Philadelphia chromosome is a chromosomal abnormality that can lead to leukemia. This abnormality is most closely associated with myelogenic leukemia, although it may be present in patients with other leukemi. Testing, which reveals the presence of Philadelphia chromosome, can be used to determine the best course of treatment with leukemia.
This abnormality arises as a result of a problem in cell division in the bone marrow.
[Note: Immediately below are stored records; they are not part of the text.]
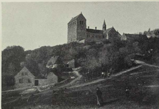
25. Der Gipfel des Petersberges bei Halle a. S.

Als einige Erhebungen unterbrechen die weite Ackerbauebene der sächsischen Tieflandsbucht einige Porphyrgipfel, deren höchster der weithin sichtbare Petersberg nordöstlich von Halle mit seiner Kloster- ruine ist. Verschiedentlich ist die Felsoberfläche dieser Porphyrtuppen von den darüber hinweg- gleitenden Gletschern der Eiszeit geglättet und getrübt worden.
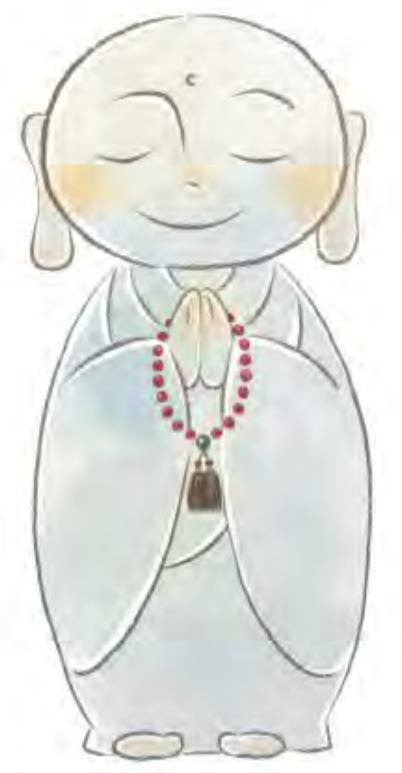
セレモニー オリジナルキャラクター
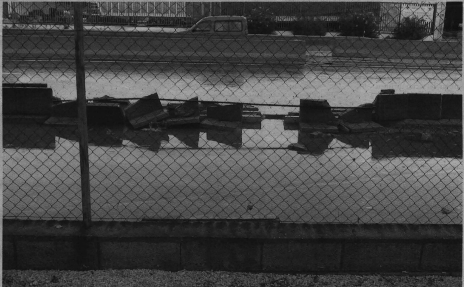
La tromba de agua, que se prolongó entre las 10 y las 11 de la mañana, anegó zonas de Valdepeñas, como la A-4 a su paso por la localidad del vino. Protección Civil estuvo alerta durante todo el día de ayer ante la previsión de precipitaciones abundantes en la comarca de La Mancha y en la de los Montes de Toledo.

Las amenazas obligan a evacuar varios institutos en Finlandia
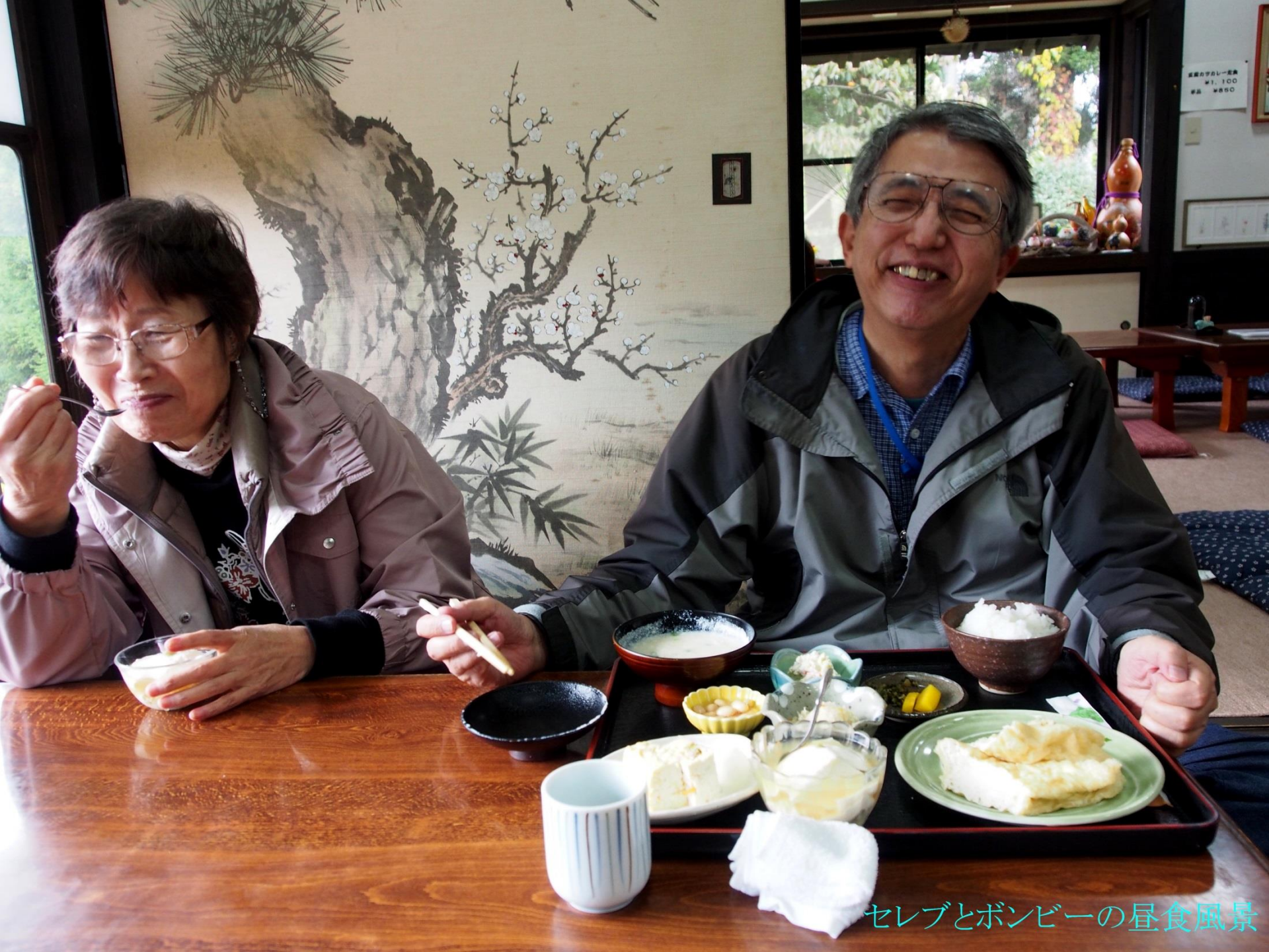
セレブとボンビーの昼食風景
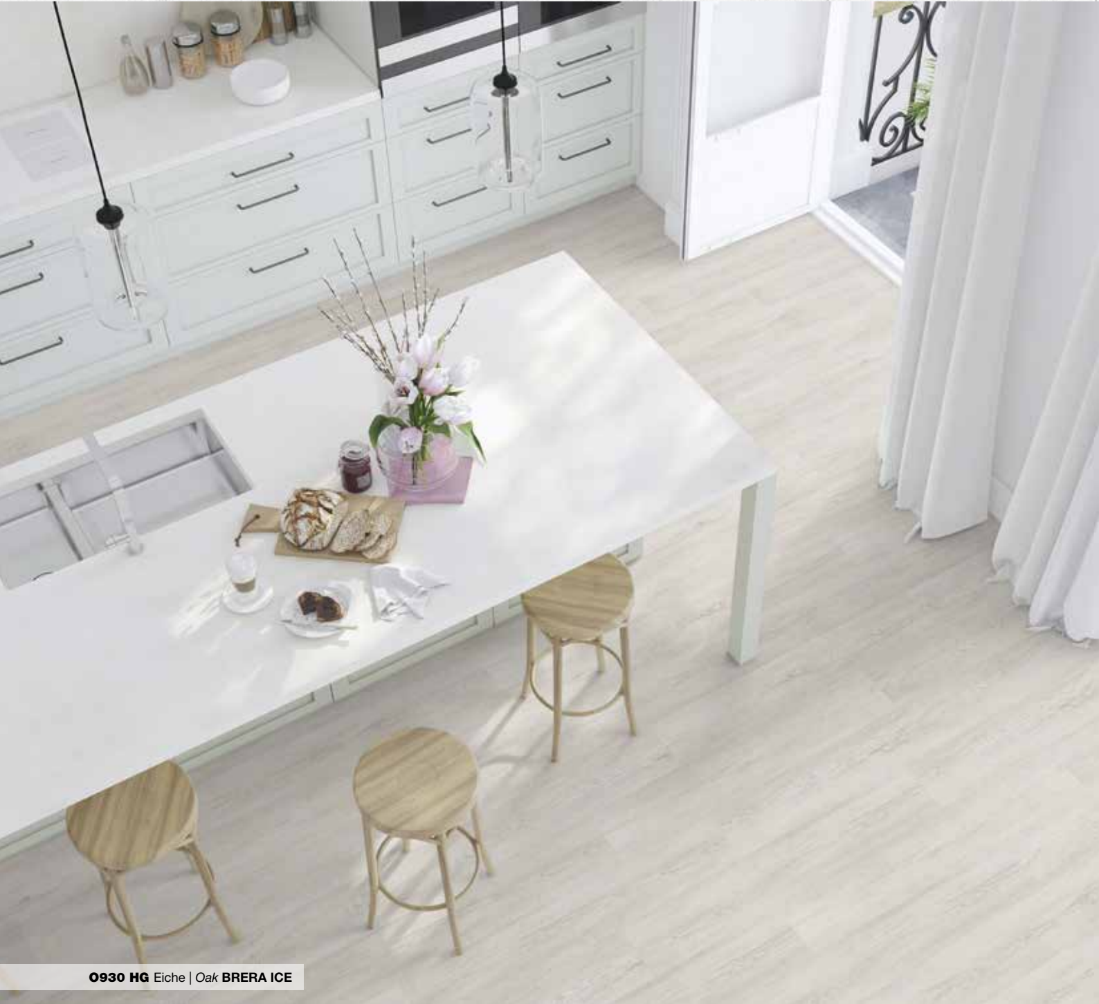
0930 HG Eiche | Oak BRERA ICE

It is a type of translocation, which means that the genetic material of two different chromosomes switches. In this particular abnormality, nine and 22 chromosomes are involved. Only one bone marrow cell with this abnormality for leukemia development is sufficient because the cell replicates itself and maintains abnormality, eventually causing problems with the production of myelogenic blood cells. She paved the way to many future discoveries as soon as people understood how the translocation occurred and what he did.This discovery also changed access to the treatment of myelogenic leukemia.
Theoretically, medicines can be developed that can focus on Philadelphia chromosome, allowing the oncologist to supply targeted doses of cancer drugs to kill dishonest cells. Since 2009, several experimental drugs have developed, and cancer scientists have tried to improve and develop therapeutic protocols. At some point, these drugs may allow the pain and risk of bone marrow transplantation in the treatment of myelogenic leukemia.
When patients are diagnosed with leukemia, genetic testing is often recomked to learn more about the origin of cancer and because the understanding of cancer genetics can help doctors to determine the best treatment. Patients with Philadelphia chromosom Positive myelogenic leukemia will have a therapeutic approach that differs from patients who lack abnormality, and the same appliesFor people with other leukemi who test positive to this abnormality.
Philadelphia chromosome cannot be handed over to offspring because it is an abnormality that occurs during cell division, and is present only in the bone marrow, not in germ cells that dictate genetic inheritance. However, genetic testing can reveal the presence of other abnormalities that can play a role in inheritance, which is important to talk to a genetic advisor about the results of any type of genetic testing.